- Born: 1961 Darlinghurst, Australia
- Died: 29 June 2018 (aged 56–57)
- Occupation: Musician
- Years active: 1986-2018

= Janette Geri =

Australian singer-songwriter

Janette Geri (1961 – 29 June 2018) was an Australian singer-songwriter.

Geri was born in the Sydney suburb of Darlinghurst in 1961. Her style, sometimes compared to Joni Mitchell's, incorporated Celtic, soul, jazz-blues and folk music. She performed with international artists including Jean-Paul Wabotai, Abdul TJ Rokoto, the Fureys and Maria Forde.

Geri's compositions "The Return" and "Olliebod's Jig" (written with Mykl Losin) featured on the Celtic Paradise (Best of International Celtic Artists) album, and "The Return" was selected for inclusion on the ABC Airplay album vol.1 in 1998. This album was designed to collect some of the sought after and hard-to-find songs heard on ABC Local Radio and make them available to ABC listeners.
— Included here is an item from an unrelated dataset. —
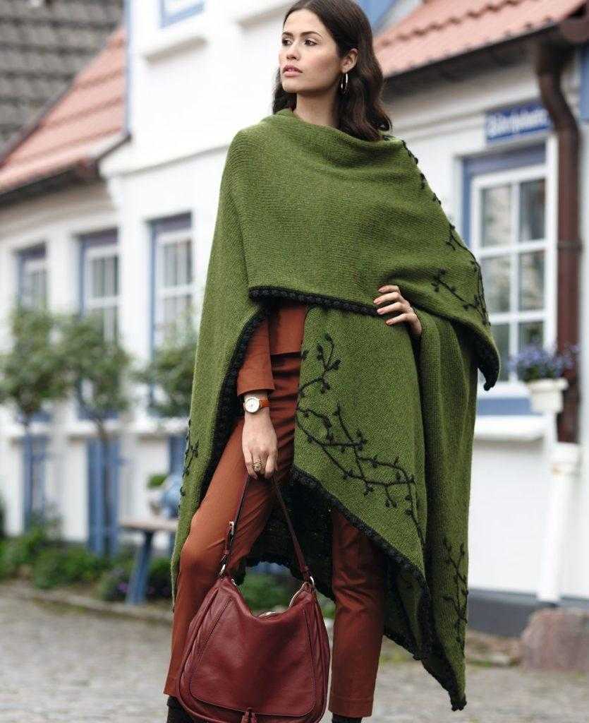 Изначально пончо было грубого фасона, ее дизайн позаимствовали у индийских племен. Но благодаря современным материалам и модным дизайнам, она комфортна и привлекательна. Оно сделано из прямоугольного отреза с горловиной и отверстием для рук. Главной его изюминкой, что делает его комфортным это свободный край, который часто задекорирован. А благодаря разнообразным фасонам любая женщина выберет по своему вкусу.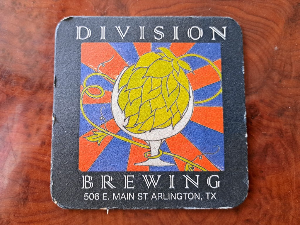 I acquired this bad boy from Dr. Jeckyll’s Beer Lab in Pantego. It was a busy Sunday afternoon; as I approached the counter to order, the crowd surreptitiously guided me toward the edge of the bar. It was fate. While waiting for my pint, I noticed a large box of coasters and various ephemera sitting next to me. I quickly spotted a coaster for Division Brewing and plucked it from the box.

Its success led to the annual release of ABC Airplay CDs. In Christmas 2009, Geri's "Dragonfly" from The Bastard's Daughter album was released on a double CD put together for charity by Rob Davies who organises the Ryedale Live music shows in North Yorkshire, UK. She and co-writer Mykl Lozin jointly won The Best Fiddle Composition Award Australia and NZ for their fiddle tune "Olliebod's Jig" at the Australian Inaugural Golden Fiddle Awards in 2005. She performed at the Melbourne Concert Hall, Melbourne's Continental Cafe and the Port Fairy Folk Festival.

Geri's music has been played on ABC Radio and international radio stations. She performed live on Bert Newton's Good Morning Australia and the Ernie Sigley show.
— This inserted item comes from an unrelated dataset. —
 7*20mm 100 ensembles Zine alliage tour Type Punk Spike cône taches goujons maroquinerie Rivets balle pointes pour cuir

Geri toured the UK in 2008 and 2010.

==Albums==
- 1986 Rising
- 1994 Janette Geri
- 1995 Describing the Sky
- 1996 Secret of the West Wind
- 1996 Castles
- 2007 Telling Tales
- 2008 The Bastard's Daughter
- 2016 Among the Flowers
- 2018 Among the Flowers (a totally new recording of the previous album with an added song)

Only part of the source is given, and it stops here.